End-to-end system for detecting, reading, and identifying Magic: The Gathering cards. Trains a custom object detection model, then chains detection → OCR → card lookup → art matching to identify cards down to the exact printing.
Key result: 96.7% mAP50 detection accuracy. A photo of Krenko, Mob Boss correctly identifies the Ravnica Remastered #335 printing (0.9515 cosine similarity).

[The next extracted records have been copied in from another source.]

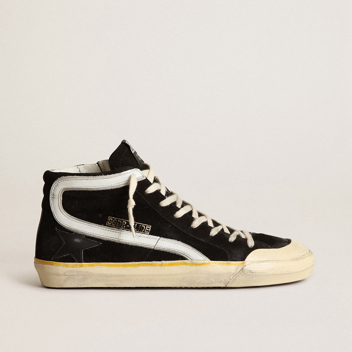 Scarpe Ginnastica Penstar Slide Golden in pelle scamosciata nera con stella in pelle nera e flash in pelle bianca GMF00211.F003378.90178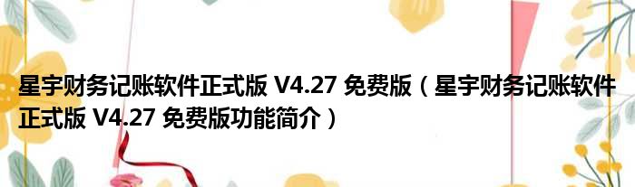 星宇财务记账软件正式版 V4.27 免费版(星宇财务记账软件正式版 V4.27 免费版功能简介)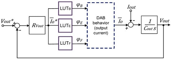 The proposed control approach (which involves an inner open-loop current control embedded in the closed-loop voltage control) can be generalized to be extended to any other modulation method. The schematic in Figure 7 shows a possible arrangement using Look Up Tables (LUTs) to obtain the three phase-shift values based on the desired output current. Instead of LUTs, of course, any other function could be used, e.g., analytical or empirical, even considering more than one input variable (e.g., selection could be based on input or output voltage values).

Tech stack: YOLOv11 (Ultralytics) · DINOv2 (Meta) · RapidOCR · Scryfall API · Roboflow · FastAPI · vanilla JS
- System Architecture
- Dataset
- Model Training
- Card Identification Pipeline
- Web Application
- Platforms and Services
- Results and Limitations
- References
The system has two tracks: a training track (offline, one-time) and an inference track (online, per-request).
flowchart LR
subgraph Training["Training Track (offline)"]
RF[Roboflow Dataset<br/>4,065 images] --> YOLO[YOLOv11n Training<br/>100 epochs]
YOLO --> WEIGHTS[best.pt<br/>2.6M params]
WEIGHTS --> DEPLOY[Deploy to<br/>Roboflow API]
end
subgraph Inference["Inference Track (per-request)"]
IMG[Input Image] --> DET[Stage 1: Detection<br/>Roboflow API]
DET --> OCR_S[Stage 2: OCR<br/>RapidOCR]
OCR_S --> SF[Stage 3: Card Lookup<br/>Scryfall API]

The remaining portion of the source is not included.